Im using Cambridge Research Rip 200 and BD anavar but only started monday so too early to say on the rip blend, however, iv used the BD var before and rate it.


----------



## Wallace86 (Jan 20, 2013)

I'm using Noble Test E and it's going great, ran Zydex pro mass as a kicker didn't think much of it tbh.
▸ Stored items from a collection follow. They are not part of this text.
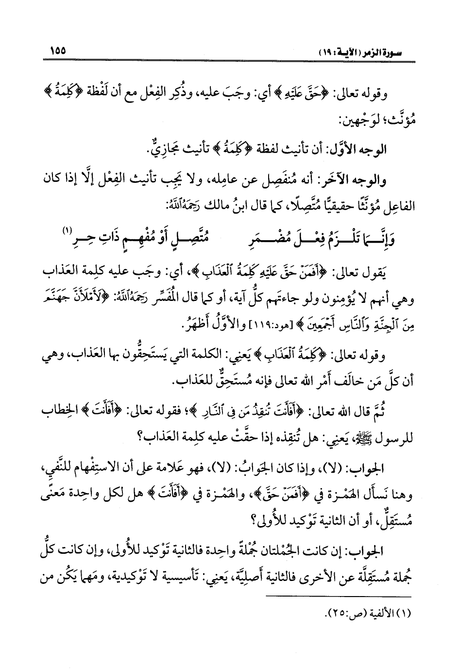 وقوله تعالى: {حَقَّ عَلَيْهِ} أي: وجَبَ عليه، وذُكِر الفِعْل مع أن لَفْظة {كَلِمَةُ} مُؤنَّث؛ لوَجْهين:
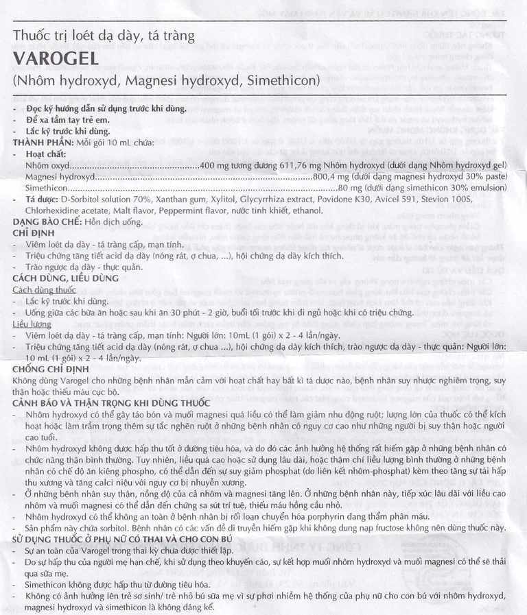 Varogel nói chung không có tác dụng phụ táo bón hay tiêu chảy nhờ sự phối hợp hài hòa giữa nhôm và magnesi hydroxid.
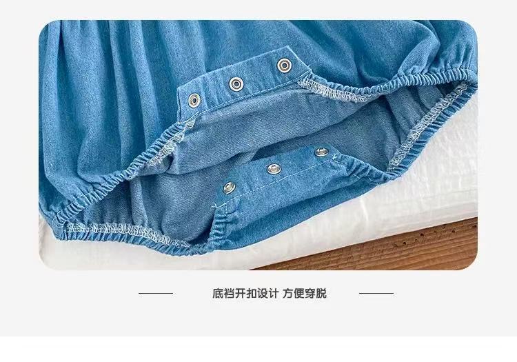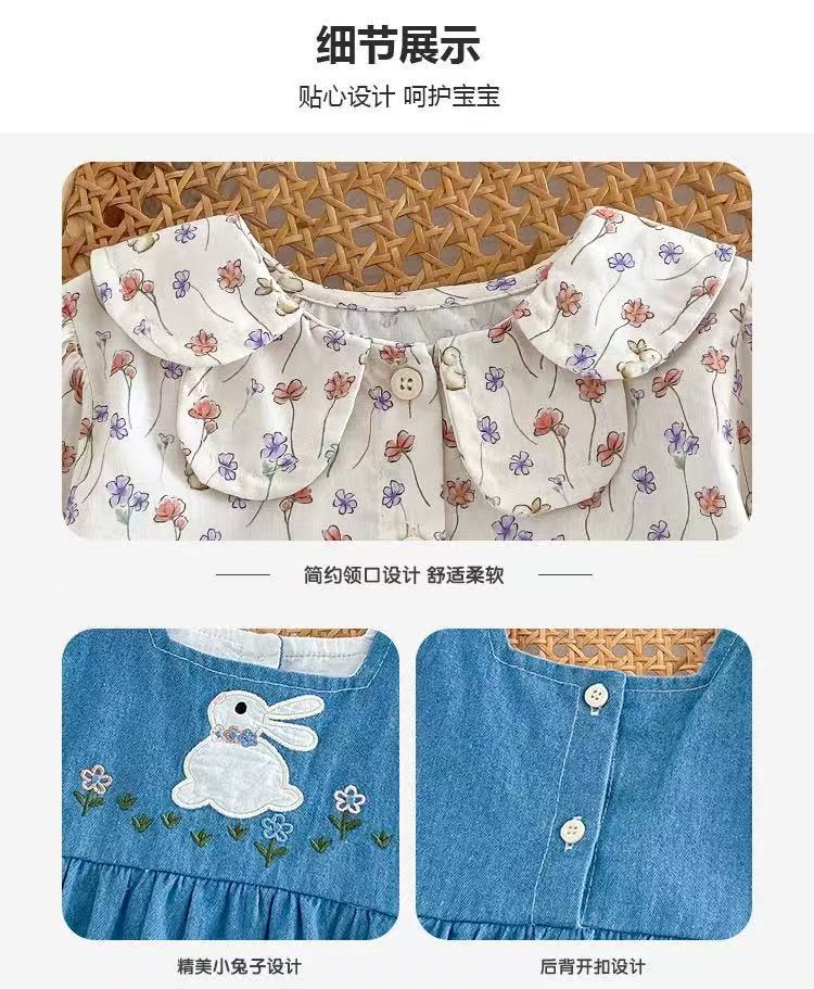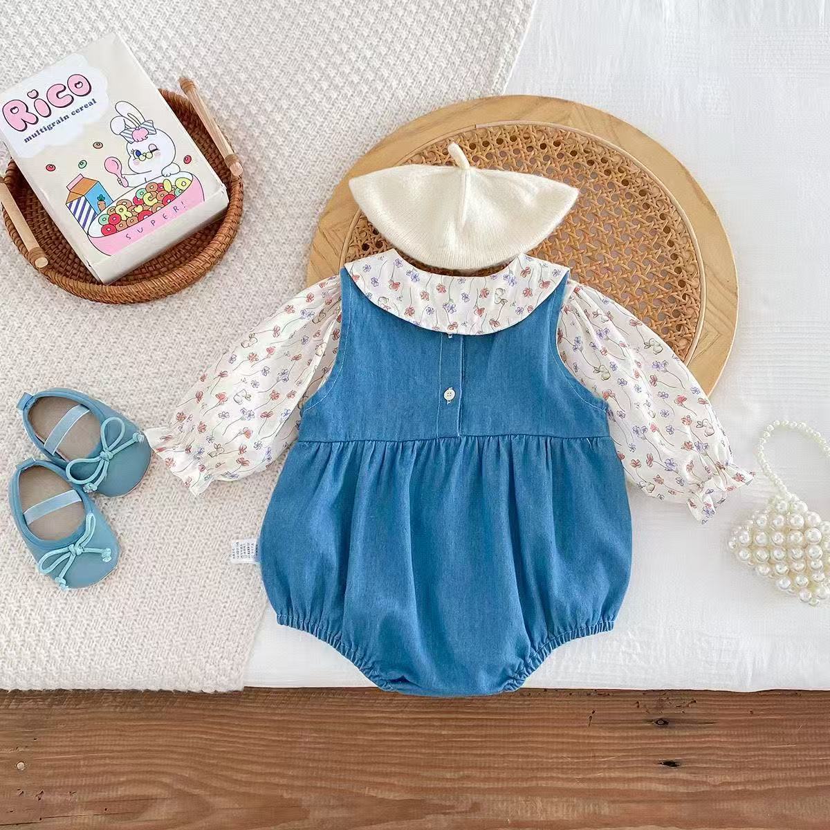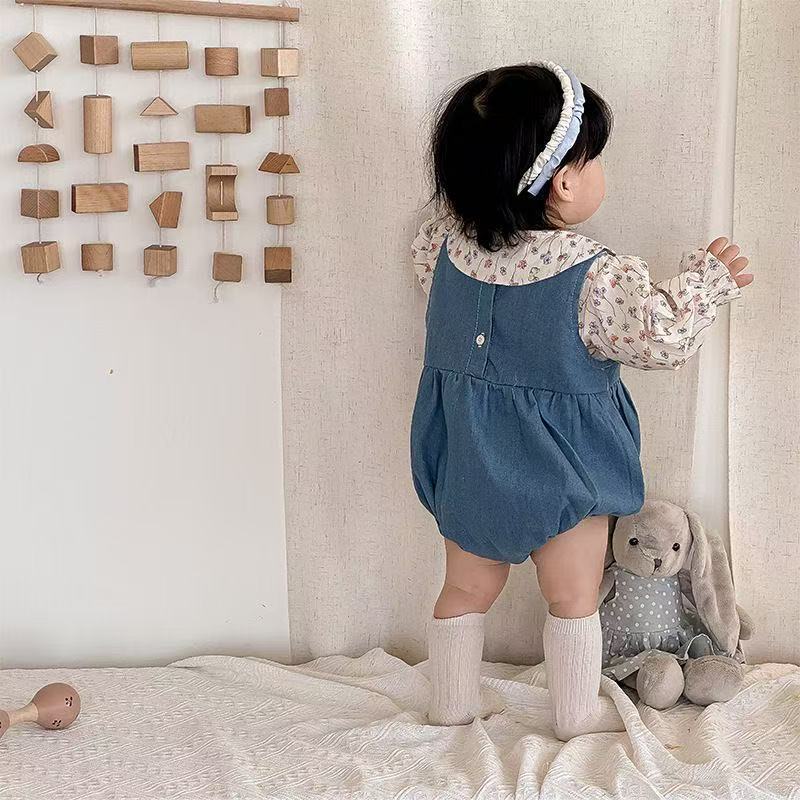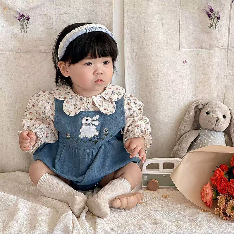 Flower Bunny Romper Set Denim Blue
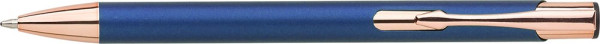 Aluminium ballpen with matte finish and rose gold details. Blue ink. When engraved the design will be silver colored.
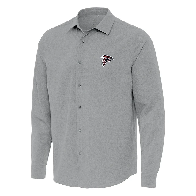 Men's Antigua Gray Atlanta Falcons Exposure Woven Long Sleeve Button-Up Shirt
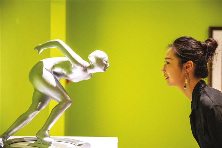 12月27日,一名参观者在泰国曼谷的泰国国家美术馆观看雕塑作品。为深化中泰两国国家美术馆合作、推进丝绸之路国际美术馆联盟建设,“中国写意——来自中国美术馆的艺术”展览27日在泰国首都曼谷开始举行。本次展览以“中国写意”为主题,汇集了42位国内著名艺术家的63件优秀创作。 新华社 发
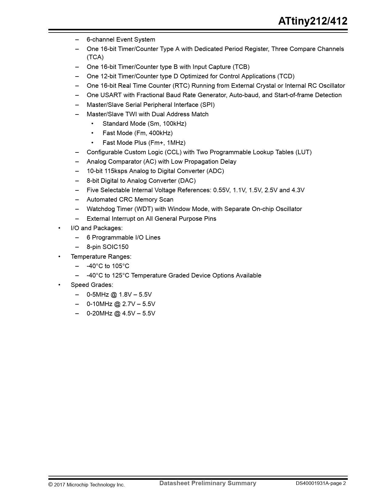 Datasheet ATtiny212, ATTINY412 (Microchip) - 2
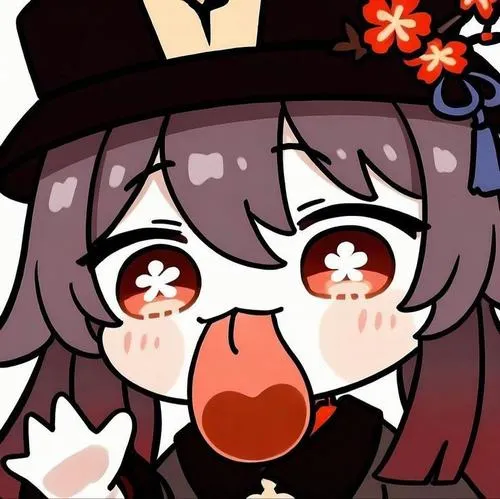 Hình Hu Tao phiên bản chibi, viền nét dày, má ửng hồng, hiệu ứng lửa nhỏ xinh
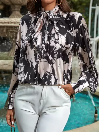 Splash Ink Print Tie Neck Bishop Sleeve Blouse - Multicolor - View 1
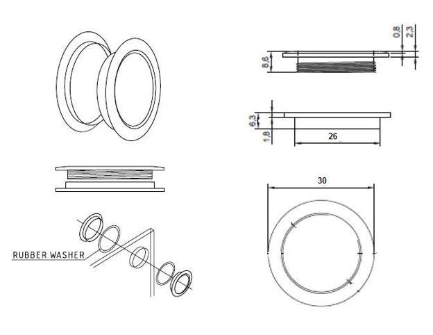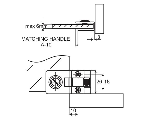 Úchytka je určena pro skleněné posuvné dveře s nutností vrtání otvoru do skla o ø26 mm.
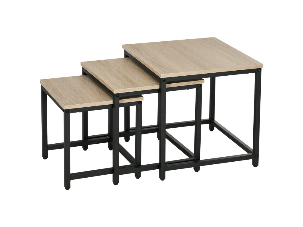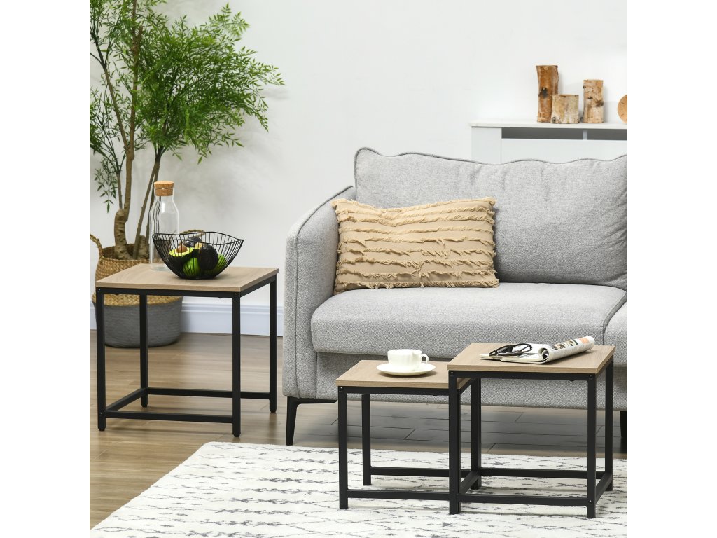 HOMCOM Sada 3 odkládacích stolků, industriální design, černý ocelový rám, deska ve vzhledu dřeva

Also have Fuerza Var il be running so hopefully that's gtg.


----------



## ryan james (Dec 27, 2013)

Isis sus

Aml tri tren

Sb dbol

Aml hcg


----------



## Sustanation (Jan 7, 2014)

Mikeylee said:


> As title says, i have been given a choice of labs to choose from just seeing what everyone else is using at the moment and recommendations?
> 
> Most importantly the big ones to avoid
> 
> Thanks everyone


Currently using

Medtech equipoise 250

Alpha pharma test Cyp

Med tech test Enanthate(once ap test Cyp runs out)


----------



## cplmadison (Nov 26, 2013)

currently using:

Pharmacom Test-e 300mg and Signature Test-e 250mg (both gtg)

Zydex Pro-rip

Alpha Pharma Clen

Uni-gen T3

all good to go


----------



## TITO (Nov 11, 2008)

Apollo tren blend

Apollo sust

Infiniti Dbol


----------



## Theorist (Jun 18, 2013)

Orbis - Tren Ace (400mg/week)

Cambridge Research - Test400 (400mg/week)


----------



## simmo31 (Feb 23, 2012)

Cidos

infiniti mast

fuerza NPP

fuerza tren ace

SB labs dbol

really rate infiniti as a lab from what ive used so far


----------



## MRENIGMA (Apr 29, 2011)

I have in my lucky draw;

20 zafa sust

10ml orbis deca 300

Sb dbol


----------



## ryda (May 31, 2010)

Medical science test e 300

Quite popular round the NW of England, not much reviews which had me worried but took the gamble and pinned and it's deffo the real deal


----------



## Aliking10 (May 17, 2013)

Mikeylee said:


> Cheers Bro
> 
> Test Enanthate - Tren Enanthate - Anavar
> 
> Running HCG Throughout with Clomid and Nolva for PCT





Apollo X said:


> Im using Cambridge Research Rip 200 and BD anavar but only started monday so too early to say on the rip blend, however, iv used the BD var before and rate it.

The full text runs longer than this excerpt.